Ahora los chicos discuten entre ellos, me parece obvio que es sobre la guerra, sobre su situación, sobre política. A veces la conversación es airada, otras conciliatoria, pero al final no pasa nada. Sólo hablan. Sabeth confirma mis impresiones. Me imagino que tal vez estén siendo ingenuos, hablando de lo que deberían hacer los políticos para resolver el problema de la guerra allá y el de la ayuda a los refugiados acá. Sabeth me dice que, por el contrario, son realistas y pesimistas. Se preguntan si, continúa en voz baja, la película podría ayudar a cambiar la realidad, pero concluyen que todo seguirá igual. Esta y las partes en las que los niños hablan directamente a la cámara son tan sinceras que sin entender el idioma el mensaje general es entendible. Sólo uno de ellos habla en inglés, lo hace sin prisa. Es un mensaje corto: está cansado de huir, está cansado de estar fuera de su país, está perdido porque a veces no sabe quién es o para dónde va, está agradecido con quienes lo han ayudado pero en ocasiones no sabe por qué es que tiene que estar agradecido.
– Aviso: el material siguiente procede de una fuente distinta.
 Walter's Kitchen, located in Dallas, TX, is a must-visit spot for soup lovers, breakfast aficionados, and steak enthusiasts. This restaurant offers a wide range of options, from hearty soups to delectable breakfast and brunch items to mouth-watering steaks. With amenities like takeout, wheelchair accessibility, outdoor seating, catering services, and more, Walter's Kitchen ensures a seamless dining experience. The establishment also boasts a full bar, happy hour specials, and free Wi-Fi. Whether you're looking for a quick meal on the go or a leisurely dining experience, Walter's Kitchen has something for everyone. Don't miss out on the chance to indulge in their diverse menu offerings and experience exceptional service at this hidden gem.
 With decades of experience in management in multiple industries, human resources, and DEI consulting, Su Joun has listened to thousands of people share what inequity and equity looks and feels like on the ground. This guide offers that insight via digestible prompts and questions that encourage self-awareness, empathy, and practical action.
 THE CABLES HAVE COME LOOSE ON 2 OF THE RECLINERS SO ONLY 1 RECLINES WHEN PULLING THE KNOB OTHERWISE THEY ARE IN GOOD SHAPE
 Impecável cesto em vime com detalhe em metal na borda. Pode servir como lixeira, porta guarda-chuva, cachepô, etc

Finalmente volvemos a Dortmund, al centro de Dortmund, a la multitud que camina sin escuchar las bombas ni los aviones.
En cuanto los créditos finales desaparecen de la pantalla, escucho los aplausos de una única persona, a mi izquierda, sentado en las primeras filas. Lo siguen una persona y luego otra y otra más. Cuatro minutos pasan antes de que vuelva el silencio. Es un aplauso sincero y merecido, pero tan largo que me parece excesivo y sobre compensatorio. Mientras tanto, los chicos se toman de las manos en la tarima y hacen la venia de agradecimiento unas dos o tres veces. Sonríen. Mucho.
Así termina el estreno de Das verlorene Paradies. Mouayad, Safi, Hasan, Mohannad, Khalo, Mohammad, Alla e Ibrahim, ocho jóvenes de entre catorce y veintiún años, refugiados de Siria e Irak, están sentados en la tarima junto a Ayse Kalmaz, la directora de la película, alemana de origen turco.
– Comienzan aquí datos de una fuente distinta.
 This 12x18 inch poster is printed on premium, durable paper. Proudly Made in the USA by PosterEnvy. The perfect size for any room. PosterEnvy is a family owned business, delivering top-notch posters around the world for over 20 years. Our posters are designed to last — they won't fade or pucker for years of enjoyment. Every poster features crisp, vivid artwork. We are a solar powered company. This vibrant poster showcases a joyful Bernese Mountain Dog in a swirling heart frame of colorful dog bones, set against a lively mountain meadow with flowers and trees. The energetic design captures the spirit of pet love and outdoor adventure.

Hay una corta sesión de preguntas y comentarios. Interviene uno de los concejales de la ciudad, quien es moderadamente abucheado porque su mensaje es retórica política y vacía sobre el esfuerzo y sacrificio que ha hecho la ciudad y el país para acoger a los refugiados. Todo el que pide la palabra agradece la película y la valentía de los actores. Alguien asegura que se le han abierto los ojos ante una situación que no pretende conocer por completo, pero que ahora es un poco más clara. Un hombre en traje pide disculpas por hablar en inglés, no sabe alemán. Es sirio y manifiesta que esta noche le ha regresado la esperanza de que tal vez su país resuelva sus problemas; no, corrige, está seguro que así será y se siente muy orgulloso de la juventud siria. Aplausos. Los muchachos tienen los ojos iluminados.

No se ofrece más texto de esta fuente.